The calm before the storm

The calm before the storm

Day 1: A group of deidicated climbers departed from Bunny Flat under stellar spring conditions on Friday 4/3, taking turns towing a sled full of group gear to simulate the mandatory sled hauling that occurs on Denali. We built a simple camp at Horse Camp and spent the rest of the afternoon learning about our technical equipment, knots, and how to prussik up and down a fixed rope.
Day 2: We started the day off with an in-depth snow school which included numerous movement skills, self arrest, and safe glissading. We then learned rope travel techniques and took an acclimatization hike to the top of Giddy Giddy Gulch to both practice our rope management skills and to simulate carrying loads to a higher camp on Denali. At the top of Giddy Giddy we practiced rappelling and fixed line use. The fingers of cold air at the front of the storm began to chill us in the early afternoon and a light snow started to fall. The team decided it was time to descend to camp and we spent the rest of the afternoon learning about snow protection and pitched climbing.
Paul practices safe glissading technique under Jacob's watchful eye.

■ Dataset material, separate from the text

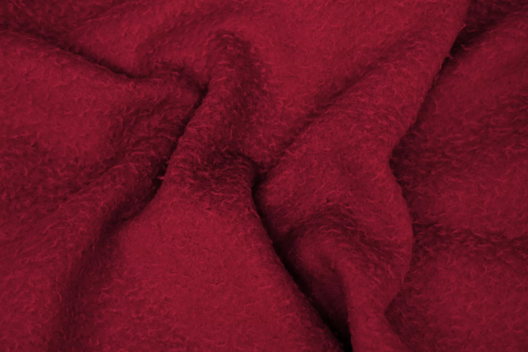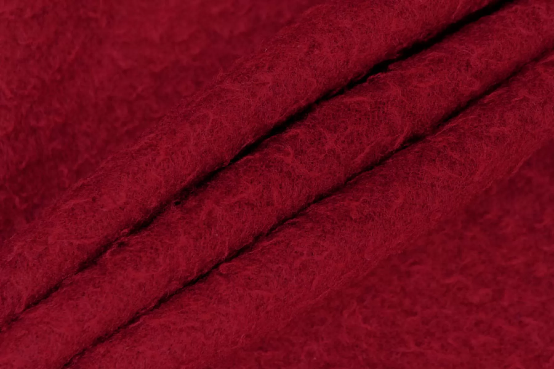 ! Внимание! По всему рулоны проходят полосы от хранения, исчезают после отпаривания! Пальтовая двухслойная шерсть красивого красного оттенка, состоит из двух слоев, которые очень легко разделяются. Один слой ворсовый, кучерявый, мягкий примерно 3 мм толщиной, другой слой с легким ворсов и виднеющимся плетением, примерно 1,5 мм. Материал тактильно приятный и мягкий, суховатый. Чувствуется, что шерсть, но не колется. Не просвечивает - сам плотненький и толстенький. Не тянется. Неплохо держит форму. Подойдет для пошива пальто. Уход деликатный.

Paul practices safe glissading technique under Jacob’s watchful eye.

Day 3 : Time to move higher! The team packed up at Horse Camp in semi whiteout and snowy conditions to move to Camp 2 at 9,000 feet. The weather forecast was calling for 33″ of fresh snow, 65mph winds, and single digit temps at 11,000; perfect Denali training. We roped up into two glacier teams and began moving towards our next camp placing wands to mark our route of travel in case we had to descend in whiteout conditions. Our sole purpose for the day was to learn how to build a bomb-proof camp that would weather the incoming storm. After arriving at high camp we slaved for hours, cutting blocks of snice (snowy ice) and building walls to solidify our camp. After camp was built we spent the rest of the day eating, drinking, and fine tuning our new battle ready castle.
The team, roped up for glacier travel, moves higher up Mt Shasta.

The team, roped up for glacier travel, moves higher up Mt Shasta.

Working hard to build solid snow walls to protect our camp from the wind.

Working hard to build solid snow walls to protect our camp from the wind.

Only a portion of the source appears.